La chasse aux migrants en transit continue
http://www.gettingthevoiceout.org/la-chasse-aux-migrants-en-transit-continue/
13/11/2017: La chasse aux migrants en transit continue dans tout le
pays. On reçoit quotidiennement des alertes d’hébergeurs qui ont perdu
leurs protégés,leur angoisse principale étant qu’ils soient arrêtés,
enfermés et expulsés.
Les contrôles et arrestations continuent mais sont moins visibles : des
Soudanais, Érythréens, Éthiopiens,…. se font contrôler et arrêter plus
discrètement dans les gares à Bruxelles, Charleroi, Ostende, Bruges,
Zeebruges ou dans des camions sur leur route migratoire.
Certains migrants disparus réapparaissent quelques jours, semaines plus
tard, certains ont été arrêtés puis libérés. Une tendance constatée est
que les autorités enferment actuellement de préférence les cas Dublin
qui sont nettement plus faciles à identifier et à expulser.
D’autres encore disparaissent sans donner de nouvelles, évitant ainsi
d’être tracés par les autorités.
D’autres sont parfois retrouvés en centre fermé.
Dans les centres fermés ils sont toujours aussi mal reçus : pas de
téléphone, pas d’avocat. Nous rencontrons d’énormes difficultés à avoir
un contact avec eux, à cause de la censure installée par la direction
des centres, de l’ignorance de leur nom exact ou l’utilisation d’alias,
et de leur méfiance totale envers les contacts extérieurs. Ceci nous
empêche de trouver un avocat qui pourrait introduire un recours en
extrême urgence, le délai étant de 5 ou 10 jours selon le cas.
Nous respectons cette volonté des migrants de rester dans l’anonymat
complet, mais, dans certains cas, un recours rapide contre leur
arrestation peut permettre une libération et la possibilité de reprendre
leur route migratoire.Et nous continons à leur souhaiter BON VOYAGE
Si vous hébergez ou êtes en contact avec des personnes qui pourraient se
retrouver dans cette situation, nous vous invitons à:
– Leur parler des possibilités d’arrestation et des conséquences.

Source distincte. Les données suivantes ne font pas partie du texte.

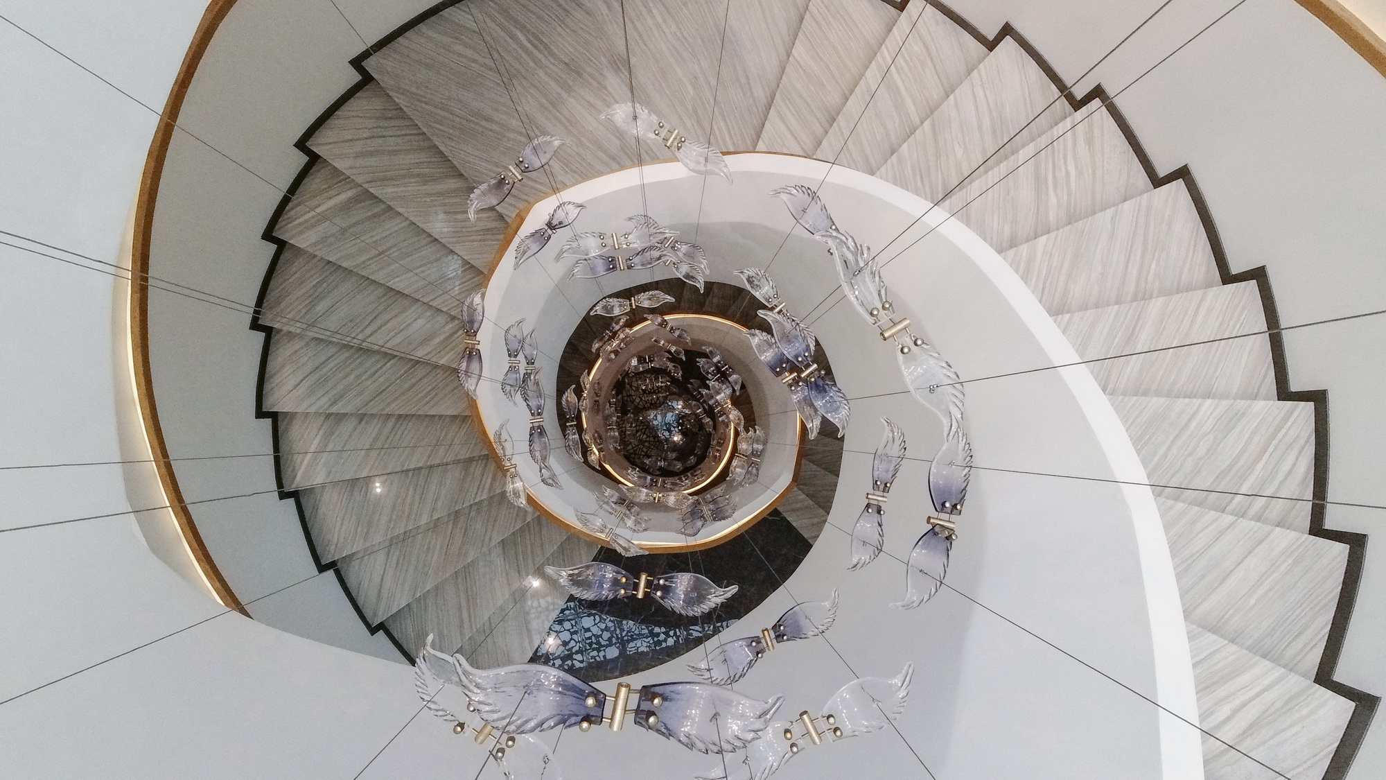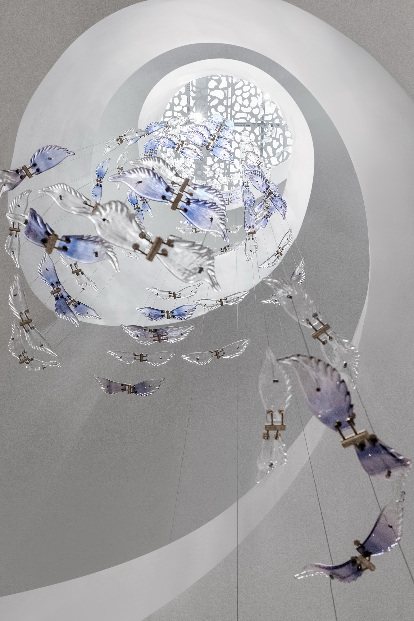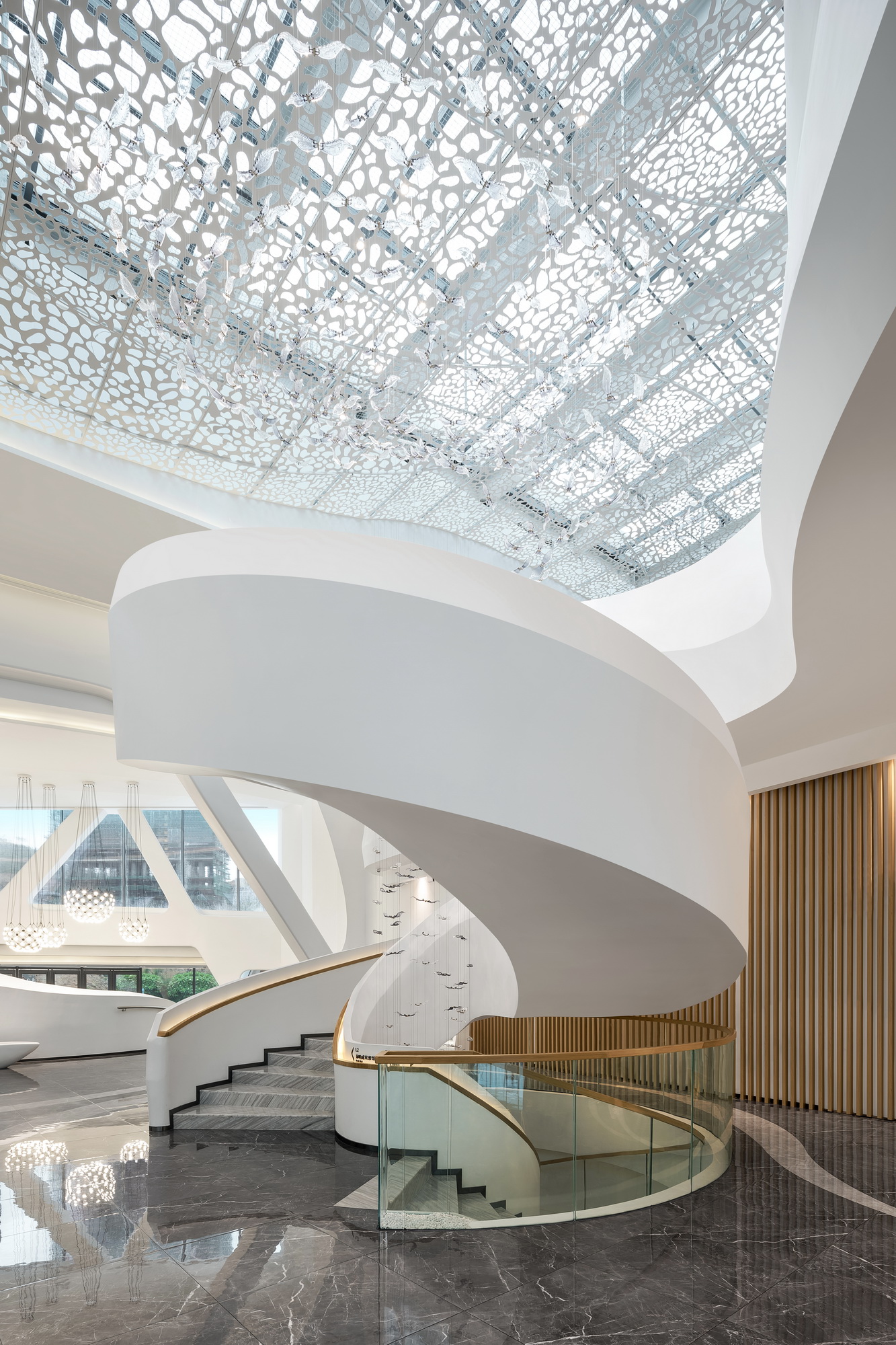 接待总台取形于渔网的艺术吊灯,以近乎透明的网状结构,隐藏器具的物质形式,凸显“光”的真正地位。“海鸥之翼”玻璃艺术吊灯,从沙盘区蔓延至艺术书吧,将海洋灵动的生命力带入空间。

– Leur expliquer les démarches juridiques possibles lors d’un
enfermement: Très rapidement introduire un recour en extrême urgence ou
sinon une demande d’asile
– Convenir avec eux d’un moyen de contacter une personne pour prévenir
de leur arrestation. Ils peuvent téléphoner du centre fermé avec le
téléphone d’un codétenu (la solidarité est de mise entre les détenus) à
un numéro mémorisé.
– Leur dire de prévenir immédiatement s’il y a un risque d’expulsion,
soit en vous contactant soit en contactant directement Getting the Voice
Out ( 0032(0)484026781) et le groupe facebook stop deportations
info&actions afin de permettre une mobilisation (voir
http://www.gettingthevoiceout.org/comment-arreter-une-expulsion/)
– Nous envoyer toute information utile pour aider à la localisation de
la personne arrêtée, maintenir un contact et comprendre les nouvelles
astuces utilisées par l’Office des Étrangers: gettingthevoiceout@riseup.net
MESSAGE Que nous envoyons aux hébergeurs qui s’inquiètent.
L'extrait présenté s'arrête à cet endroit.